Si a final de mes se paga el recibo entero, esa tarjeta no cuesta intereses: has usado el dinero del banco unas semanas y no te ha costado nada. Ese es el uso razonable, y con él una tarjeta de crédito es una herramienta cómoda y bastante segura.
El problema aparece con las otras opciones, que siempre están ahí y siempre parecen más cómodas: pagar una cuota fija al mes o pagar «el mínimo». Eso se llama crédito revolving y funciona como una bola de nieve. Imagina una deuda de 600 € con un tipo de ejemplo del 20 % anual, pagando 30 € al mes: como una parte de cada cuota se va en intereses, la deuda baja despacísimo y se acaba devolviendo bastante más de lo que se compró, durante años. Y como el límite se libera a medida que pagas, se puede volver a gastar sin que la deuda llegue nunca a cero.
Para explicárselo a un adolescente no hace falta nada de esto. Basta con una frase: la tarjeta de crédito es un préstamo automático que se pide sin pedirlo. Y con una regla: si no puedes pagarlo entero a final de mes, es que no podías comprarlo.
En qué se diferencia📒 La cuenta bancaria infantilUna cuenta infantil solo deja gastar el dinero que ya está dentro; la tarjeta de crédito deja gastar el que todavía no ha llegado. Misma pregunta, respuestas opuestas.
Errores frecuentes
- Confundir débito y crédito porque las dos son de plástico y se usan igual. Es la única diferencia que hay que mirar antes de aceptar una tarjeta.

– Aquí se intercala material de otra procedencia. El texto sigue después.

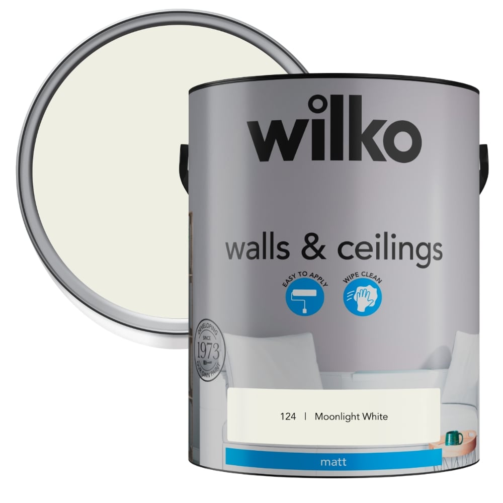 Renovate your home with our Walls and Ceilings Matt Emulsion Paint 5L. Our matt emulsion paint gives you that perfect finish for a modern look. This attractive colour dries in two to four hours and gives a modern, matt finish. This paint covers slight imperfections like lumps or bumps on your wall in just two coats. The contents of this can will cover approximately 70 square metres, which after two coats, is about the same width as seven small sofas. (Approximate coverage depends on the surface of your walls, see the back of the can for more details). Colours viewed on the screen may not show the same on your walls. To make sure this colour's right for you, we recommend ordering a tester pot or popping into the store to check first. Shade: Moonlight White.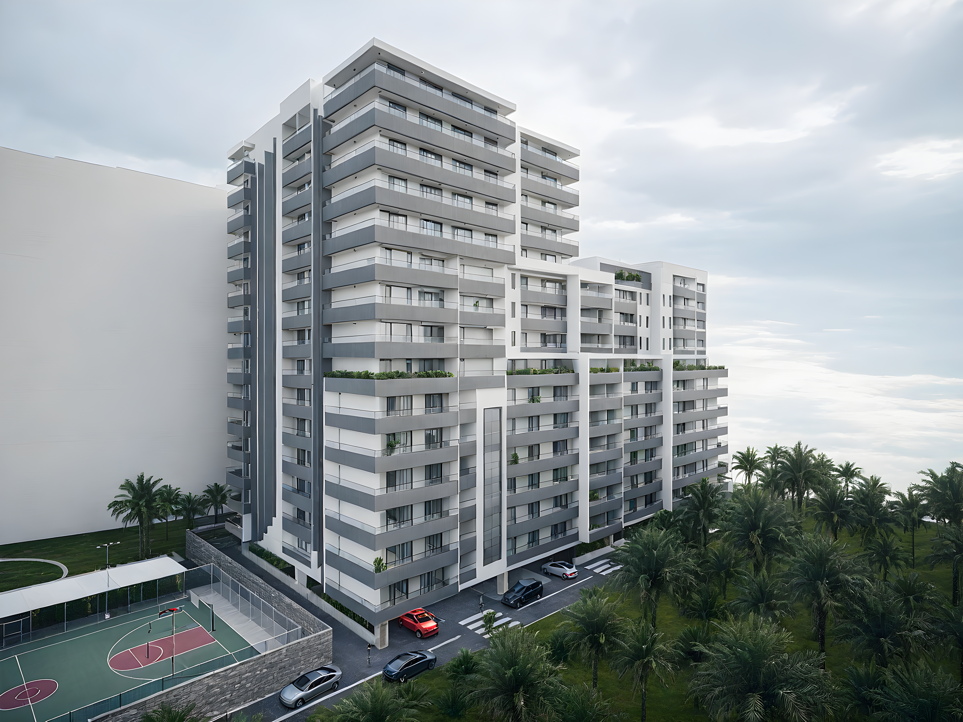 Promptcolored basketball court, grey hotel, everything else colored, trees with grass

- Aceptar la cuota fija «para tener margen». Es justo la opción que convierte una compra normal en una deuda larga.
- Fiarse del aviso de la compra. Llega después, y para entonces la decisión ya está tomada.
- Prohibir la tarjeta en lugar de enseñarla. El adolescente que llega a los dieciocho sin haber manejado nunca una tarjeta con límite pequeño la estrena sin práctica y con el sueldo entero.
Palabras que oirás por ahí
- Débito
- Forma de pago que descuenta el dinero de tu cuenta al instante. Si no hay saldo, la compra se rechaza.
- Límite de crédito
- La cantidad máxima que la tarjeta te permite deber a la vez. No es dinero tuyo disponible, aunque lo parezca.
- Revolving
- Modalidad en la que cada mes pagas solo una parte y el resto sigue generando intereses. Es de los créditos más caros que existen.
- Pago mínimo
- La cantidad más pequeña que puedes pagar cada mes sin incumplir el contrato. Pagar el mínimo alarga la deuda muchísimo.
Preguntas frecuentes
¿A qué edad puede tener una tarjeta?
Prepago o de débito asociada a su cuenta, a partir de los once o doce años y siempre con límite bajo. De crédito, no antes de los dieciocho, y ni siquiera entonces: si no ha manejado antes una que solo gaste lo que hay, no se lo recomendaríamos.
¿Es peligrosa una tarjeta de crédito?
No en sí misma: pagando el recibo entero cada mes no cuesta intereses y protege bastante las compras. Lo peligroso es la opción de aplazar, que está siempre a un clic y que se ofrece justo cuando no llegas.
Mi hijo compra cosas pequeñas en el móvil sin darse cuenta. ¿Qué hago?
Quita la tarjeta guardada en la tienda de aplicaciones y pon que cada compra pida contraseña. No es desconfianza: esas pantallas están diseñadas para que no se piense, y a los doce años no hay quien gane esa pelea solo con voluntad.
¿Qué es eso del revolving?
Una modalidad de pago en la que cada mes abonas solo una parte de lo que debes y el resto sigue generando intereses. La cuota parece cómoda y la deuda baja tan despacio que puede durar años. Si aparece esa palabra o la frase «cuota fija», conviene leerlo todo dos veces.